Permanent magnet synchronous motors (PMSMs) have been extensively adopted in electric vehicles in recent years due to positive features such as high efficiency, high reliability and high power density [1]. In most applications, the rotor position of the PMSM is obtained using a position sensor for precise control of the motor. However, the position sensor is eliminated in consideration of the cost, mounting space and operating environment in applications like power steering pumps and compressors in electric commercial vehicles [2,3]. And various rotor position estimation methods are substituted for position sensors under these circumstances. Equally, a sensorless control system can be used for fault-tolerant control of the traction motors in electric vehicles.
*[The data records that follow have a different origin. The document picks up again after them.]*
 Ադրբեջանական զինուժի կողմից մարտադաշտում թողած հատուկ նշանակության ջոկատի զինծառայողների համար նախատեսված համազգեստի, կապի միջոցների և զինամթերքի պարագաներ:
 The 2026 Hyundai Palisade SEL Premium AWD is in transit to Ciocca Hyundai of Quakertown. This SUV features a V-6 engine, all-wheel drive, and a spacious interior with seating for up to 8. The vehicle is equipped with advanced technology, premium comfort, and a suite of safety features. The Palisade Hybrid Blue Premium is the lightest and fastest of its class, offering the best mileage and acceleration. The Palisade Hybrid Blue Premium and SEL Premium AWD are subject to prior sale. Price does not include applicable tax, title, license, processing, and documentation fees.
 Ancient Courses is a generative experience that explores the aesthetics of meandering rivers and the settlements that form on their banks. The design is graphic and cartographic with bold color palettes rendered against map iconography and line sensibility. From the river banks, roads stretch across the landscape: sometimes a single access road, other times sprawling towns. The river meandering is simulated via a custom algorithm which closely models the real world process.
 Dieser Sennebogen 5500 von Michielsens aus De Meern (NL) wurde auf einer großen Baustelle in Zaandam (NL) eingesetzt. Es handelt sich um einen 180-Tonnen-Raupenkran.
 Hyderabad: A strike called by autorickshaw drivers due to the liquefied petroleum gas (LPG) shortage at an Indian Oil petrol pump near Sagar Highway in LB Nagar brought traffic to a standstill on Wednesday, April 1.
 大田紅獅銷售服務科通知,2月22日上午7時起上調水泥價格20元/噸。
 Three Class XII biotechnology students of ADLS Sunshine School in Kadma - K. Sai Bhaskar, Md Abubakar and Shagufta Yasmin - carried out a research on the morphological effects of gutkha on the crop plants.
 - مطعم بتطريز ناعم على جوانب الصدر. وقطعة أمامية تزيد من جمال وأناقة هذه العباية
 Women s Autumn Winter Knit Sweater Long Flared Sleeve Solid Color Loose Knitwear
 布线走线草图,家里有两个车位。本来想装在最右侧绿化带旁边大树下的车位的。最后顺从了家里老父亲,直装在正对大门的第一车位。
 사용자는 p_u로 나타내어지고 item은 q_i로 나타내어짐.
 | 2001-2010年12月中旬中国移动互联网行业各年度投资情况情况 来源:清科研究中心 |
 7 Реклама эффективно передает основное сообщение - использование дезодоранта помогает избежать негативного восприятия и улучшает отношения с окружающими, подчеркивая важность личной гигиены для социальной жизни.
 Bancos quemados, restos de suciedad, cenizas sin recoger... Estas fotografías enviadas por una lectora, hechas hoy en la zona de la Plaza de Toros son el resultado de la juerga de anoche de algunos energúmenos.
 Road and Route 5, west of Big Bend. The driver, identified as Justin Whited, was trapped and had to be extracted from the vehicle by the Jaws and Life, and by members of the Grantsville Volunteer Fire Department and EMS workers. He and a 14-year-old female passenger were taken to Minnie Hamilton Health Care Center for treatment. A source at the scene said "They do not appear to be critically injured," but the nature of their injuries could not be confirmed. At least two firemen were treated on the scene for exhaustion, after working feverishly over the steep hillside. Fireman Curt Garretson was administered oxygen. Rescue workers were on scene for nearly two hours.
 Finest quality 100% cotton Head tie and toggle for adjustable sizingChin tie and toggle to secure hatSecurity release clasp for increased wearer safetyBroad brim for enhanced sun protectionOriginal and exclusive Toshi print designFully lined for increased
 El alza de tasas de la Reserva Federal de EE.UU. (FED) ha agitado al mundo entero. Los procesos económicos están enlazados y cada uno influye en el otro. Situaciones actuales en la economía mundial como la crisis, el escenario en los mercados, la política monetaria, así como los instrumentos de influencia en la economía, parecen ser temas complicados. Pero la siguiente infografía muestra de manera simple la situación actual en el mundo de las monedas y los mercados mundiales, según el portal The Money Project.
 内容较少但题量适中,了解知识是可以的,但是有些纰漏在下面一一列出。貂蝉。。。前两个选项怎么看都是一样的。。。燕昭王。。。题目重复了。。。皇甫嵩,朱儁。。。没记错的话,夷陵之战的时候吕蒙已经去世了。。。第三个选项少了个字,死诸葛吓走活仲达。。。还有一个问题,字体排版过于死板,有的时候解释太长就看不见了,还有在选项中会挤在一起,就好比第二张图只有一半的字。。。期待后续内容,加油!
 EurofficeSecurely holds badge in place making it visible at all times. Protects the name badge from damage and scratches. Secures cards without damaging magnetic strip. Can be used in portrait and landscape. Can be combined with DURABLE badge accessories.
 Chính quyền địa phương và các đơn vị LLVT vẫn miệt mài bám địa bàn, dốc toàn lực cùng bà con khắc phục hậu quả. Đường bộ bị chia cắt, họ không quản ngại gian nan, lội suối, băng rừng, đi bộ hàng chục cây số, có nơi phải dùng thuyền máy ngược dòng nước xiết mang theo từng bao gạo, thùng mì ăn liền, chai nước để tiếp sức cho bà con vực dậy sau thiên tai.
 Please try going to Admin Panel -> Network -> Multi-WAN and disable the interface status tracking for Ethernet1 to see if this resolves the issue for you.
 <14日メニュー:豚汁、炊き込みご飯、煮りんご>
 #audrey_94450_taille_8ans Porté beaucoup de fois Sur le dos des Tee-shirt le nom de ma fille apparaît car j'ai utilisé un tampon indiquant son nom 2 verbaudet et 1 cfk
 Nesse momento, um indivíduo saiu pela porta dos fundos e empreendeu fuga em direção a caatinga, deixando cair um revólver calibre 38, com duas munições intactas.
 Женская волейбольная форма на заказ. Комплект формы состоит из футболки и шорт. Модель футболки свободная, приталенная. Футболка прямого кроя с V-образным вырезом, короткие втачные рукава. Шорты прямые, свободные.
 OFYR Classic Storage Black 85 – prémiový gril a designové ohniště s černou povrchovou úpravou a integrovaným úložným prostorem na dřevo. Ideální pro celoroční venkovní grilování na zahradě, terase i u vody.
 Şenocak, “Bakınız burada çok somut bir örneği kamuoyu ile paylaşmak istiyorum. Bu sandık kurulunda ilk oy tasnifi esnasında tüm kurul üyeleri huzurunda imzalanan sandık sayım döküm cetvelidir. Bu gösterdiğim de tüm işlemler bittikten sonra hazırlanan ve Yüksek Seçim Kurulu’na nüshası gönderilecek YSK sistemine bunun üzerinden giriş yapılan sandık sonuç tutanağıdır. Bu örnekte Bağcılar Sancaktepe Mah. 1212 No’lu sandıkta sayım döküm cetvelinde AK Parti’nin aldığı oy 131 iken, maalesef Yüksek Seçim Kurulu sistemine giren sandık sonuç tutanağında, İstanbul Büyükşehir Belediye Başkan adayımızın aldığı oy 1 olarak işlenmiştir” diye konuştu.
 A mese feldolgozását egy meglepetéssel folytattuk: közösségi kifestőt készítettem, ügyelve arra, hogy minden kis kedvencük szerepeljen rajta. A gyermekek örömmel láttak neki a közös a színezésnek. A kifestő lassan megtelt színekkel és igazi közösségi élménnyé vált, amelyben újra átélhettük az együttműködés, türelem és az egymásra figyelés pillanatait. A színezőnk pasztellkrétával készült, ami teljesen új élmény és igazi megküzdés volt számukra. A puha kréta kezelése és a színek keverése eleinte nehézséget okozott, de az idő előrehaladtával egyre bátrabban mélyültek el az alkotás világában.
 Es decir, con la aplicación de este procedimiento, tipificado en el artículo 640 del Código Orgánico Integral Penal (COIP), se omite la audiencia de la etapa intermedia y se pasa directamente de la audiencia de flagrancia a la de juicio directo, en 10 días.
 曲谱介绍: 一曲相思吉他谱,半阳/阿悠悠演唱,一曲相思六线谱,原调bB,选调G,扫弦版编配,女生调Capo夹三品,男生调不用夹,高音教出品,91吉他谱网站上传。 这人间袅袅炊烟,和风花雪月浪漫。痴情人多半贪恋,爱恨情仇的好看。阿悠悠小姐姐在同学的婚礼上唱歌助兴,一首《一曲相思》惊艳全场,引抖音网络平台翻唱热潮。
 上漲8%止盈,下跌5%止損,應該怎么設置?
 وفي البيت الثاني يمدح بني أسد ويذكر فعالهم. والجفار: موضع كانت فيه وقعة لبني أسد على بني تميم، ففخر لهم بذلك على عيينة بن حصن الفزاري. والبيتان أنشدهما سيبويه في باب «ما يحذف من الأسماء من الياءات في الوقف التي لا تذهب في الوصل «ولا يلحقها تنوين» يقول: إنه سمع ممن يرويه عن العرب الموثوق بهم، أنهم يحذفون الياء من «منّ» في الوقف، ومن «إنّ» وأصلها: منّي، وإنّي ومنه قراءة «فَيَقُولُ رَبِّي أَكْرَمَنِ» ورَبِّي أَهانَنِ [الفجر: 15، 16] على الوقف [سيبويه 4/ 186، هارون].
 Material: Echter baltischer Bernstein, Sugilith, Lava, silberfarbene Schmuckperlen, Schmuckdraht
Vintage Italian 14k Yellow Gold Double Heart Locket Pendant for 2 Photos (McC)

The existing rotor position estimation methods can be classified into two categories: signal injection methods and model-based methods [4]. Signal injection methods take advantage of the salient effect of PMSMs. The rotor position information can be extracted from the current response after injecting specific high-frequency voltage into the stator windings [5,6]. These methods are effective at standstill and low speeds but give bad performance as the speed increases [7]. Moreover, signal injection methods are not suitable for surface-mounted permanent magnet synchronous motors or negative-saliency permanent magnet synchronous motors. Model-based rotor position estimation methods can be further divided into back electromotive force (EMF)-based methods and active-flux-based methods [8,9]. These methods utilize a mathematical model of the PMSM to construct different kinds of position observers, such as the sliding-mode observer [10], the extended Kalman filter observer [11] and the adaptive observer [12]. The model-based methods can give precise estimation results at nominal and high speeds. And the active flux-based methods have been proved to detect the accurate rotor position at low speeds [13]. It is obvious that model-based methods are indispensable in sensorless control systems of PMSMs, and the position estimation precision greatly depends on the accuracy of the model parameters [14].

Generally, the model parameters of PMSMs refer to the winding phase resistance, the permanent magnet flux linkage and the inductance along the direct axis (d-axis) and the quadrature axis (q-axis). Though the nominal values of these four parameters are available from manufacturers or using offline parameter measurement, these parameters vary with operating environment and the conditions of the PMSMs. More specifically, the winding phase resistance and the permanent magnet flux linkage are mainly affected by the ambient temperature [15]. And variation in the inductance is attributed to the magnetic saturation effect, which is mainly caused by changes in stator current [16]. Apparently, stator current varies much more rapidly than temperature in practice, resulting in more frequent changes in inductance than in the other two parameters. Furthermore, research on parameter mismatching effects on position estimation methods indicates that the inaccuracy of the inductance is the dominant factor in position estimation errors [17]. It is suggested that an inductance lookup table should be mapped offline and stored for reliable control in applications [18]. However, offline calibration is time-consuming and difficult to implement in some situations. As a result, online inductance identification is of great importance for improving the performance of sensorless control systems.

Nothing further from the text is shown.